Colville, already the vice-chairman of the CRTC’s Atlantic region, was named the successor to former chairwoman Francoise Bertrand earlier this year on a six-month basis. His appointment coincided with the introduction of the new Republican Bush administration in the White House, and the subsequent appointment of Michael Powell as chairman of the U.S. Federal Communications Commission (FCC).
The presence of both Bush and Powell will likely influence the competitive landscape in Canada’s telecom industry, speculated Lawrence Surtees, a telecommunications analyst at IDC Canada Ltd. in Toronto.
In particular, Surtees said the Bush administration might push for Canada to raise its foreign ownership limit of telecommunications companies. Currently, that limit stands at a 33 per cent maximum.

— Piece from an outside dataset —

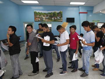 Deportees line up to fill immigration forms at a centre after arriving on an immigration flight from the US, at the international airport in Honduras
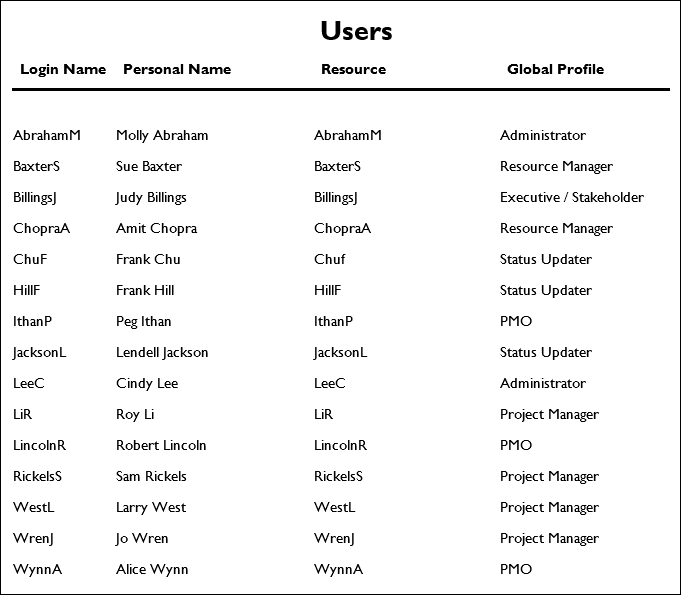 Répertorie tous les utilisateurs en indiquant leur nom ainsi que le profil de ressource et de sécurité global qui leur est associé.

“(Raising Canada’s foreign ownership limit) was an issue that was being vociferously lobbied by U.S. industry players to the Clinton administration,” Surtees said. “I could see greater receptiveness to pressure from the Republican Bush administration. So I think it’s only a matter of time before the powers that be in Washington maybe put it on the table and find a way to pursue it.”
As foreign ownership restrictions fall under Canada’s Telecommunications Act, Surtees pointed out that raising these limits requires Parliament to amend the act.
Industry Canada Minister Brian Tobin has reportedly said he is not planning on scrapping the ownership rules, but analysts expect the government will change its tune before the 3G wireless spectrum, and the lucrative data services it accommodates, is allocated in the next few years.
“Tobin can say, ‘Oh, I’m not interested (in changing the limits),’ but at some point he will be made to be interested,” Surtees said.
Jeremy Depow, a senior analyst with telecommunications research firm The Yankee Group in Canada in Brockville, Ont., said opening up the market to foreign players might serve to increase the amount of competitors in Canada, possibly encouraging service providers to offer more competitive pricing and interesting services.
While a developing economic downturn means American carriers might not be interested in investing in Canadian telecommunications at the moment, that could change by the time 3G comes around. Analysts say such a scenario is possible because the 2-Mbps data transfer rates that 3G technology offers means carriers will be able to provide more lucrative business-oriented services, such as links to corporate intranets, in what is now primarily a consumer market.
3G technology is already in development in both Canada and the United States. All that is required is for a spectrum band to be identified and allocated to service providers.
Canada has already identified the 1710-1850 MHz frequencies as its preferred bands, but it is waiting to make a decision until the U.S. government sets aside its preferred frequency. The U.S. plans to make a final decision by July at the latest.
Another major issue, which the FCC’s Powell has identified as one of his goals, is the opening up of the cable companies’ co-axial cable infrastructure to other service providers. The idea is to encourage the growth of broadband Internet access, which in many areas is limited to DSL on the telco’s copper network or the @Home service offered by most cable operators.
In Canada, the CRTC has already ordered the country’s cable companies to begin preparing to open its network up to other ISPs.
According to David Watt, vice-president, business economics for Rogers Communications Inc. in Toronto, that open cable market will likely be ready by the middle of this year.
The CRTC has regulated that service providers must pay Rogers $21 per month per end user, Watt said. Third-party providers will be able to offer the same speeds to customers as Rogers does with its @Home service.
Unlike local phone service, where service providers had to pay about $17 per month per end user but could only charge customers around $22, service providers operating Internet over cable will likely have better margins to work with. For example, Rogers currently charges its customers $39.95 for its high speed Internet service.
“What people will compete on, I think, is proprietary content: AOL vs. @Home vs. Sympatico Lycos,” Watt suggested.